Problem to solve
Without any of the pictures, transcribe all the lines below exactly.

###

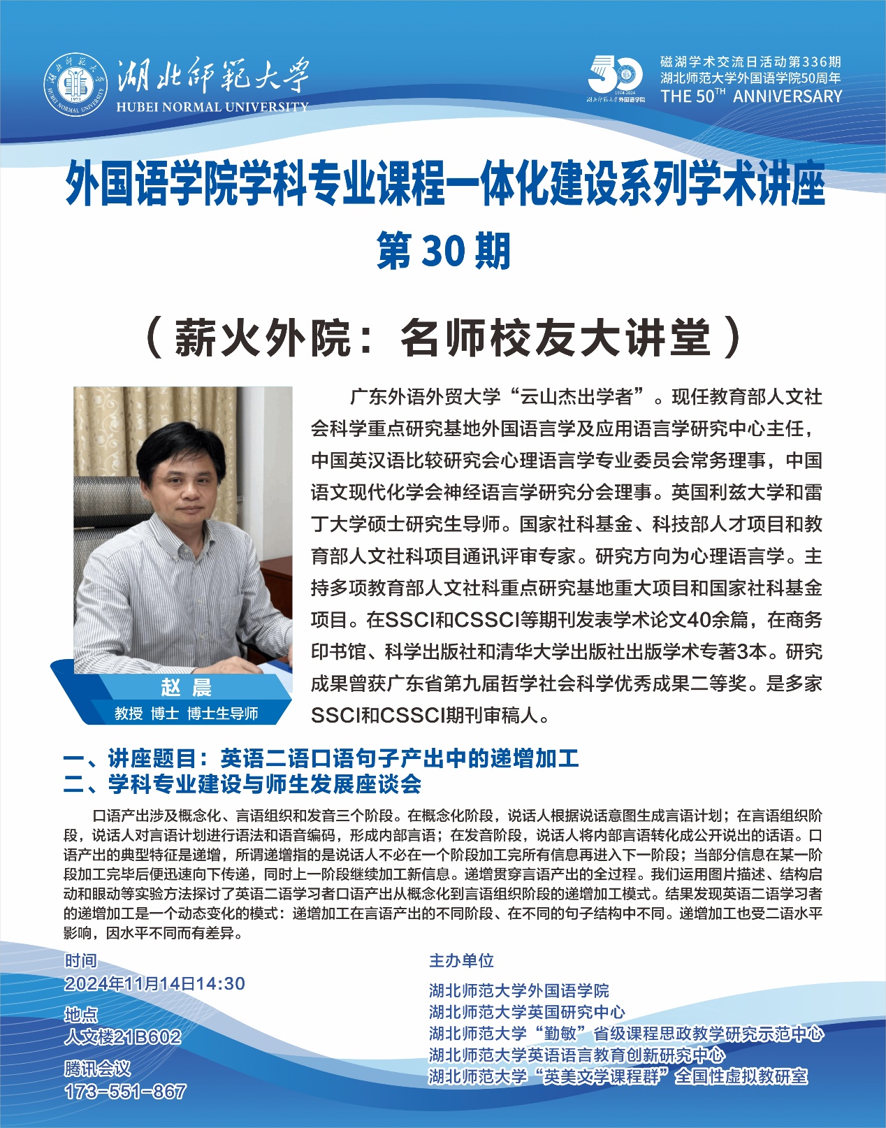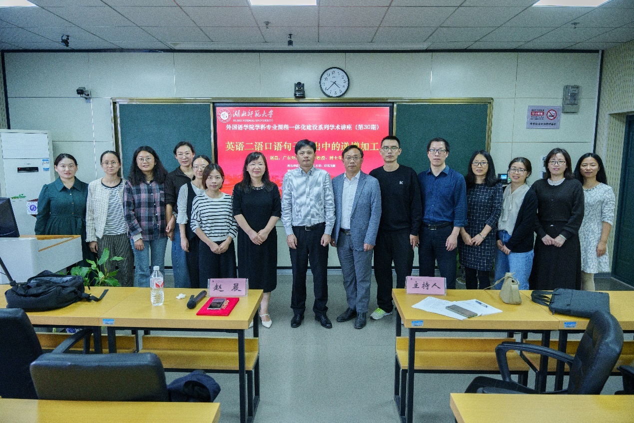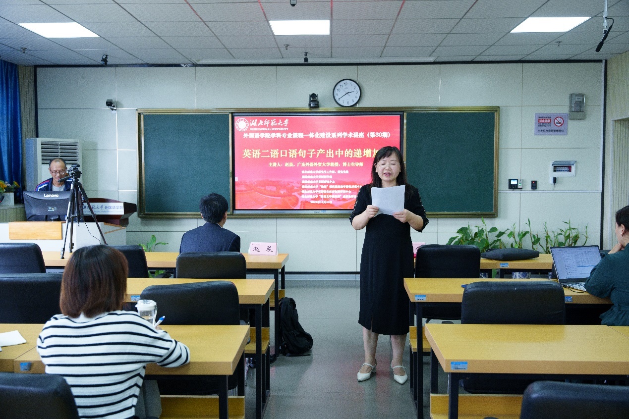 1114日下午,成人短视频 学科专业课程一体化建设系列学术讲座第30期在人文楼21B602顺利举行。广东外语外贸大学“云山杰出学者”、博士生导师赵晨教授作题为“英语二语口语句子产出中的递增加工”。 成人短视频 全体专任教师以及硕士研究生代表参与讲座,本次讲座通过腾讯会议线上同步直播。讲座由成人短视频 院长刘敏主持。
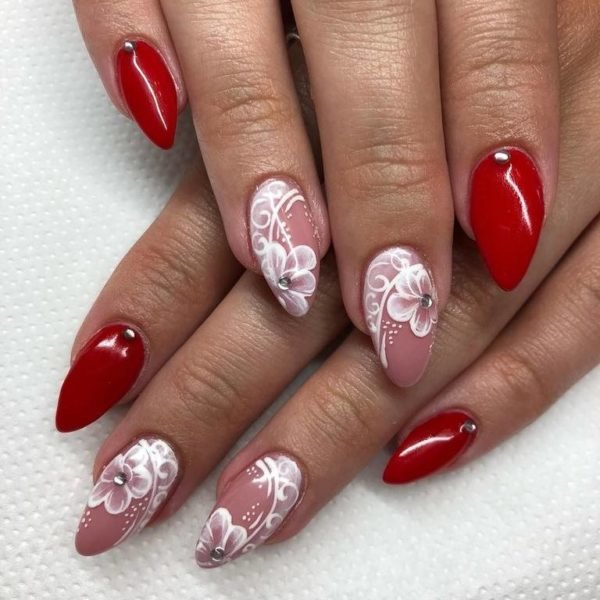Otro diseño puede consistir en elegir un color básico como el blanco para poder dibujar flores como las que vemos en este otro diseño, combinando con un llamativo color rojo.
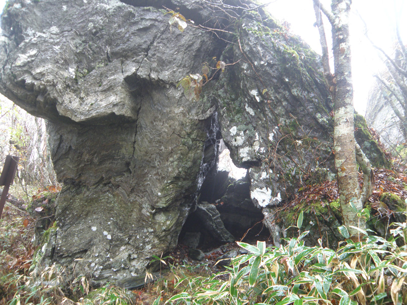 樹林帯の中を歩いていたら、なんとか休憩できそうなスペースと、雨が防げそうな大岩を発見。 この岩に寄りかかって休むか。
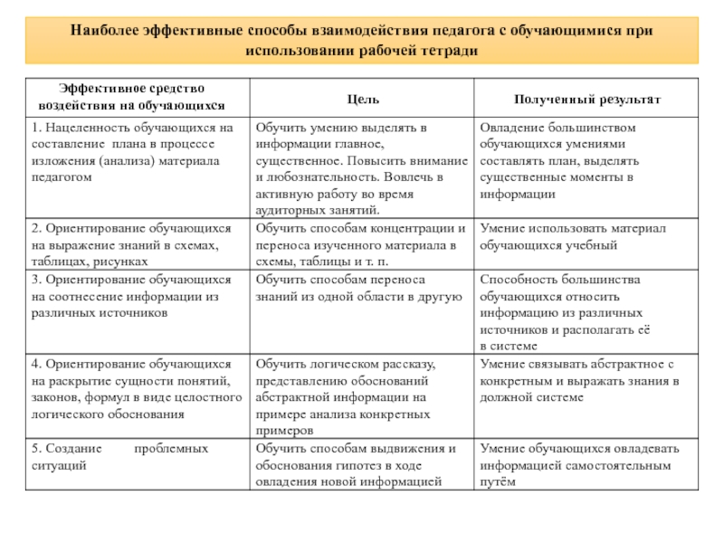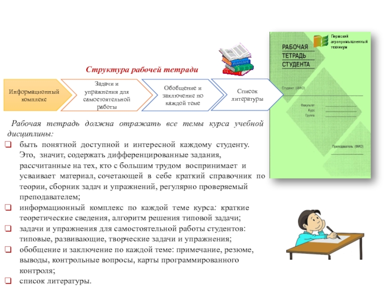 6. Завершает тетрадь заключение, ориентирующее студентов на содержание. Таким образом, современная рабочая тетрадь - это дидактический комплекс, способствующий поэтапному формированию мыслительной деятельности студента и предназначенный для самостоятельной работы в аудитории, лаборатории или дома непосредственно на её страницах.
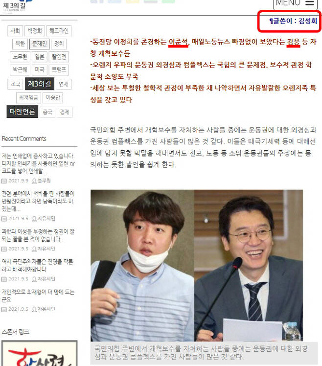 참고링크 : 자칭 개혁보수들의 운동권 외경심과 컴플렉스 - 제3의 길
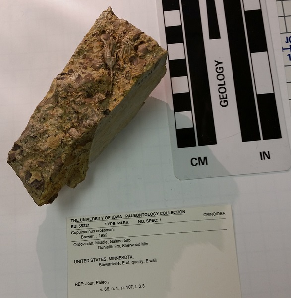 But what was it? A crinoid, as many of you probably guessed, but not just any crinoid. This particular fossil is a holotype specimen for the species Cupulocrinus crossmani, as published in the Journal of Paleontology.
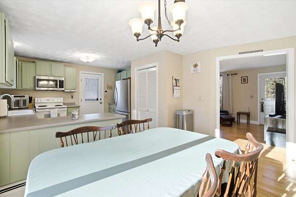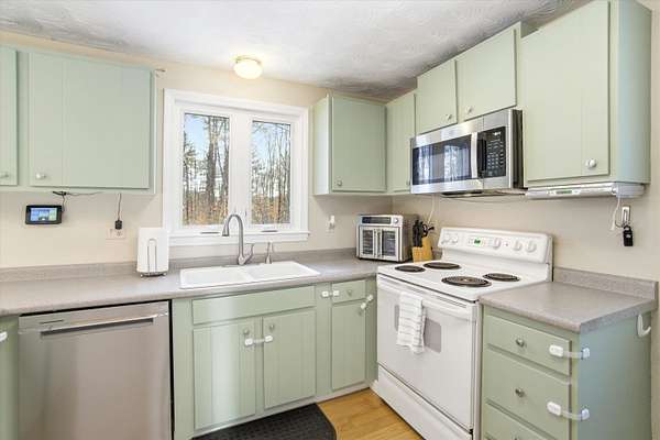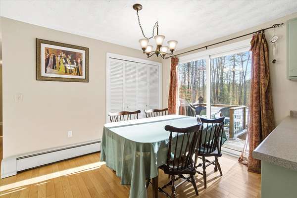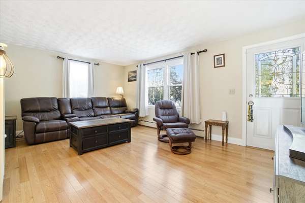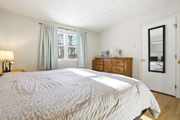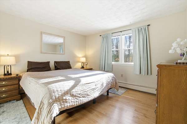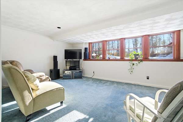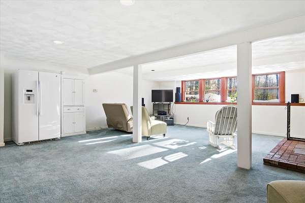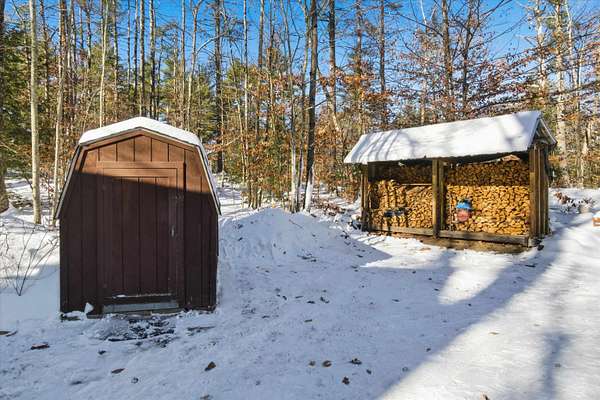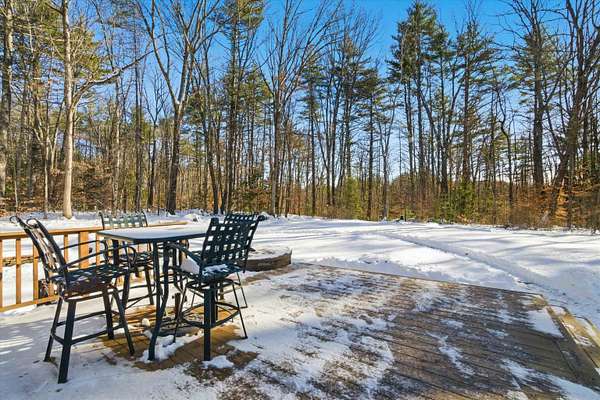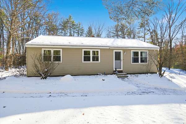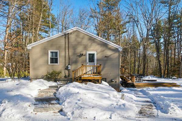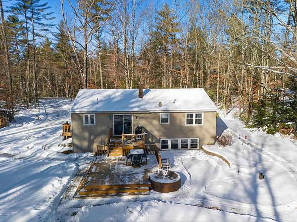 Set on 3.2 private acres surrounded by mature woods, this south facing ranch offers a peaceful setting with a thoughtful blend of indoor comfort and outdoor living. The property features a spacious multi-level deck overlooking the backyard, ideal for entertaining, relaxing, or enjoying the natural surroundings. A nearby hot tub area and fire pit space enhance the outdoor experience, while an oversized shed provides excellent storage or workshop potential. Inside, the main level is filled with natural light and showcases hardwood flooring throughout. The inviting living room offers a warm, comfortable gathering space, while the eat-in kitchen features ample cabinetry and direct access to the rear deck, perfect for seamless indoor-outdoor living. Three well-proportioned bedrooms and a full bath complete the main level. The finished lower level significantly expands the living space with a large family room highlighted by oversized windows and a brick hearth with a wood stove, creating a cozy retreat during cooler months. This level also offers additional finished space suitable for a home office, guest area, or hobby room, along with generous storage. Tucked away in a serene setting yet conveniently located just minutes from I-93, I-89, Concord Hospital, and downtown Concord, this home offers the rare combination of privacy, usable acreage, and accessibility, an ideal opportunity for those seeking both tranquility and convenience. Showings start at open house 12/20 10am Noon.
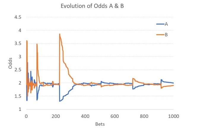 На графике ниже временные ряды демонстрируют изменение котировок на команды «А» и «В» в случае «затравки» в 1 единицу для каждой из сторон и отсутствии ставок от профессиональных игроков. Стоит учесть, что любое крупное вливание резко изменило бы существующие данные, поэтому мы и применили определенные ограничения. Становится очевидным, что проблема находится либо в величине «затравки», либо в ограничении ставок.
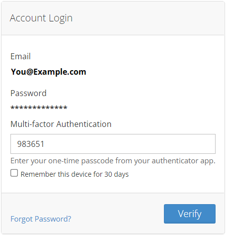 - You may bypass the MFA step on trusted devices by selecting Remember this device for 30 days during the login process.
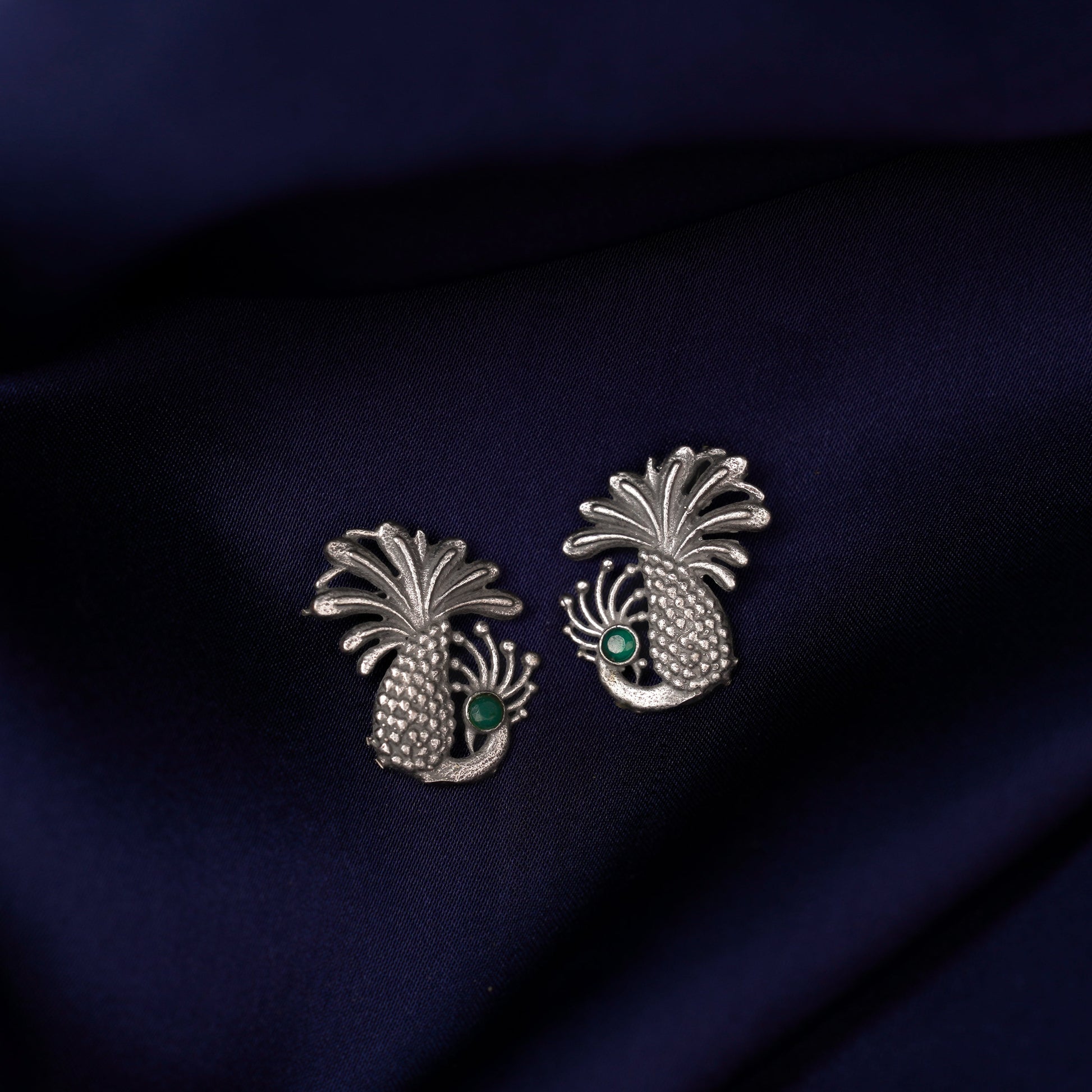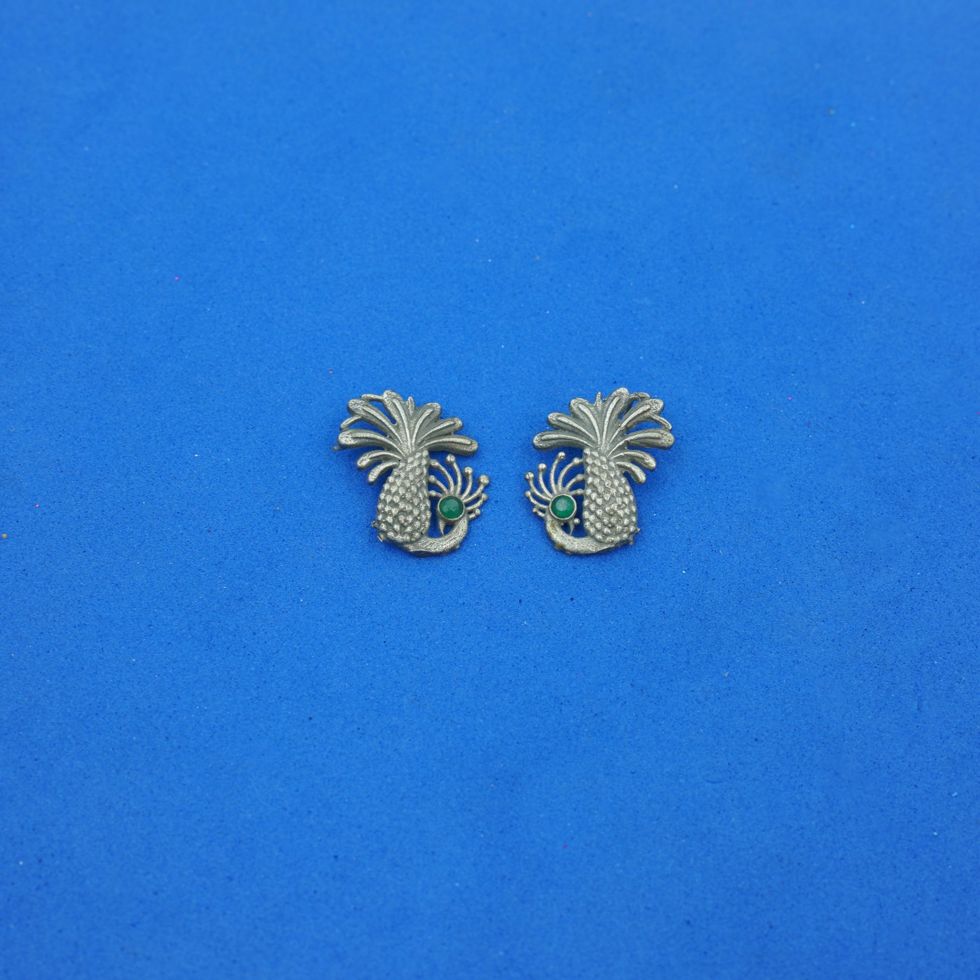 Ananasika- Silver Brass Stone Studded Stud Earrings(Black)

###

Answer space
 1114日下午,成人短视频 学科专业课程一体化建设系列学术讲座第30期在人文楼21B602顺利举行。广东外语外贸大学“云山杰出学者”、博士生导师赵晨教授作题为“英语二语口语句子产出中的递增加工”。 成人短视频 全体专任教师以及硕士研究生代表参与讲座,本次讲座通过腾讯会议线上同步直播。讲座由成人短视频 院长刘敏主持。
Otro diseño puede consistir en elegir un color básico como el blanco para poder dibujar flores como las que vemos en este otro diseño, combinando con un llamativo color rojo.
 樹林帯の中を歩いていたら、なんとか休憩できそうなスペースと、雨が防げそうな大岩を発見。 この岩に寄りかかって休むか。
 6. Завершает тетрадь заключение, ориентирующее студентов на содержание. Таким образом, современная рабочая тетрадь - это дидактический комплекс, способствующий поэтапному формированию мыслительной деятельности студента и предназначенный для самостоятельной работы в аудитории, лаборатории или дома непосредственно на её страницах.
 참고링크 : 자칭 개혁보수들의 운동권 외경심과 컴플렉스 - 제3의 길
 But what was it? A crinoid, as many of you probably guessed, but not just any crinoid. This particular fossil is a holotype specimen for the species Cupulocrinus crossmani, as published in the Journal of Paleontology.
 Set on 3.2 private acres surrounded by mature woods, this south facing ranch offers a peaceful setting with a thoughtful blend of indoor comfort and outdoor living. The property features a spacious multi-level deck overlooking the backyard, ideal for entertaining, relaxing, or enjoying the natural surroundings. A nearby hot tub area and fire pit space enhance the outdoor experience, while an oversized shed provides excellent storage or workshop potential. Inside, the main level is filled with natural light and showcases hardwood flooring throughout. The inviting living room offers a warm, comfortable gathering space, while the eat-in kitchen features ample cabinetry and direct access to the rear deck, perfect for seamless indoor-outdoor living. Three well-proportioned bedrooms and a full bath complete the main level. The finished lower level significantly expands the living space with a large family room highlighted by oversized windows and a brick hearth with a wood stove, creating a cozy retreat during cooler months. This level also offers additional finished space suitable for a home office, guest area, or hobby room, along with generous storage. Tucked away in a serene setting yet conveniently located just minutes from I-93, I-89, Concord Hospital, and downtown Concord, this home offers the rare combination of privacy, usable acreage, and accessibility, an ideal opportunity for those seeking both tranquility and convenience. Showings start at open house 12/20 10am Noon.
 На графике ниже временные ряды демонстрируют изменение котировок на команды «А» и «В» в случае «затравки» в 1 единицу для каждой из сторон и отсутствии ставок от профессиональных игроков. Стоит учесть, что любое крупное вливание резко изменило бы существующие данные, поэтому мы и применили определенные ограничения. Становится очевидным, что проблема находится либо в величине «затравки», либо в ограничении ставок.
 - You may bypass the MFA step on trusted devices by selecting Remember this device for 30 days during the login process.
 Ananasika- Silver Brass Stone Studded Stud Earrings(Black)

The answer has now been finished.